Below is a listing to transcribe in full and exactly; keep the pictures out.
===== RECORDED DATA =====
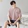Polyester Material:Crafted from high-quality polyester, this men's sleepwear offers a comfortable and breathable sleep experience. Versatile Use:Perfect for various scenarios such as hotel stays, bathrooms, and wedding photography shoots, this sleepwear sets the bar for versatility. Youth- Focused Design: Designed with young men in mind, this sleepwear set boasts a stylish and trendy look that appeals to the youthful population. Short Sleeve Style: Featuring a short sleeve design, it's ideal for summer use, providing a cool and relaxed sleep environment. Round Neckline:The round neckline adds a touch of sophistication and simplicity to the overall design, making it a perfect fit for any outfit. Suitable Weight:With an average weight of 161-180 grams per square meter, this sleepwear strikes a perfect balance between lightweight and durable.
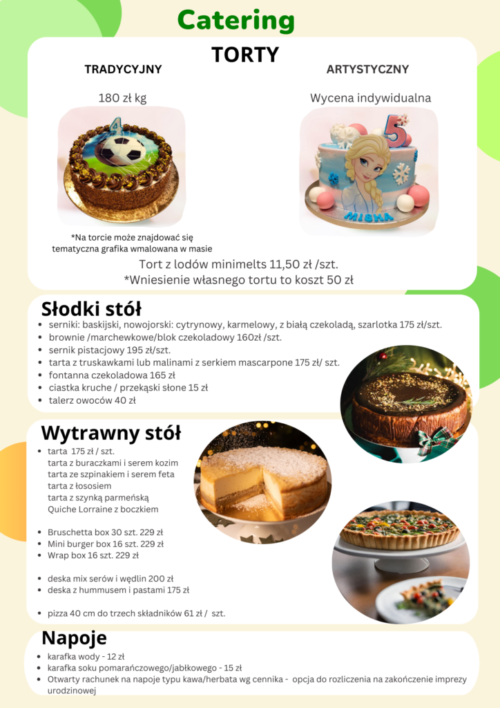Menu na urodzinki dla Dzieci przygotowaliśmy przede wszystkim z myślą o dobrej zabawie i bezpieczeństwie Dzieci. W związku z tym tak dobraliśmy menu, aby podane przekąski były delikatne, łatwe do zjedzenia nawet wtedy, gdy Dzieci są pełne wrażeń i emocji. 🙂 Na stołach czekają patery z ciastkami, popcorn, paluszki, chrupki kukurydziane, w pakiecie wyjątkowym – także lody Minimelts. Nielimitowana woda niegazowana, sok do 0.5 l na Dziecko. Jest możliwość zabrania ze sobą pozostających w stole przekąsek – prosimy zabrać pojemniki. Dodatkowe opcje na życzenie – pizza, suszone lub świeże owoce, zupy, kanapki, catering – do uzgodnienia.
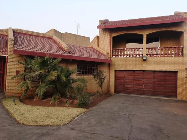 Large and ultimately exquisite. This impeccable double storey home is ideally situated in a well sought after area and features 3 bedrooms with built in cupboards all with aircons, 2 balconies, 2 bathrooms en-suite, large living-, dining- and TV room, fitted kitchen with scullery and separate laundry. Also has a jacuzzi, storeroom, lapa, fireplace, bar and braai area. Double garage with built-in cupboards for storage, plus additional storeroom. This home is a move in and stay, a definite must to view.
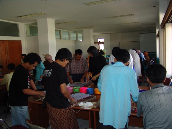 Para peserta praktik menenun menggunakan media sederhana dalam Pelatihan Guru PSN topik "Tekstil" pada 4-8 Agustus 2005 di Bandung.
=====
● **TASK OUTPUT**:
Polyester Material:Crafted from high-quality polyester, this men's sleepwear offers a comfortable and breathable sleep experience. Versatile Use:Perfect for various scenarios such as hotel stays, bathrooms, and wedding photography shoots, this sleepwear sets the bar for versatility. Youth- Focused Design: Designed with young men in mind, this sleepwear set boasts a stylish and trendy look that appeals to the youthful population. Short Sleeve Style: Featuring a short sleeve design, it's ideal for summer use, providing a cool and relaxed sleep environment. Round Neckline:The round neckline adds a touch of sophistication and simplicity to the overall design, making it a perfect fit for any outfit. Suitable Weight:With an average weight of 161-180 grams per square meter, this sleepwear strikes a perfect balance between lightweight and durable.
Menu na urodzinki dla Dzieci przygotowaliśmy przede wszystkim z myślą o dobrej zabawie i bezpieczeństwie Dzieci. W związku z tym tak dobraliśmy menu, aby podane przekąski były delikatne, łatwe do zjedzenia nawet wtedy, gdy Dzieci są pełne wrażeń i emocji. 🙂 Na stołach czekają patery z ciastkami, popcorn, paluszki, chrupki kukurydziane, w pakiecie wyjątkowym – także lody Minimelts. Nielimitowana woda niegazowana, sok do 0.5 l na Dziecko. Jest możliwość zabrania ze sobą pozostających w stole przekąsek – prosimy zabrać pojemniki. Dodatkowe opcje na życzenie – pizza, suszone lub świeże owoce, zupy, kanapki, catering – do uzgodnienia.
 Large and ultimately exquisite. This impeccable double storey home is ideally situated in a well sought after area and features 3 bedrooms with built in cupboards all with aircons, 2 balconies, 2 bathrooms en-suite, large living-, dining- and TV room, fitted kitchen with scullery and separate laundry. Also has a jacuzzi, storeroom, lapa, fireplace, bar and braai area. Double garage with built-in cupboards for storage, plus additional storeroom. This home is a move in and stay, a definite must to view.
 Para peserta praktik menenun menggunakan media sederhana dalam Pelatihan Guru PSN topik "Tekstil" pada 4-8 Agustus 2005 di Bandung.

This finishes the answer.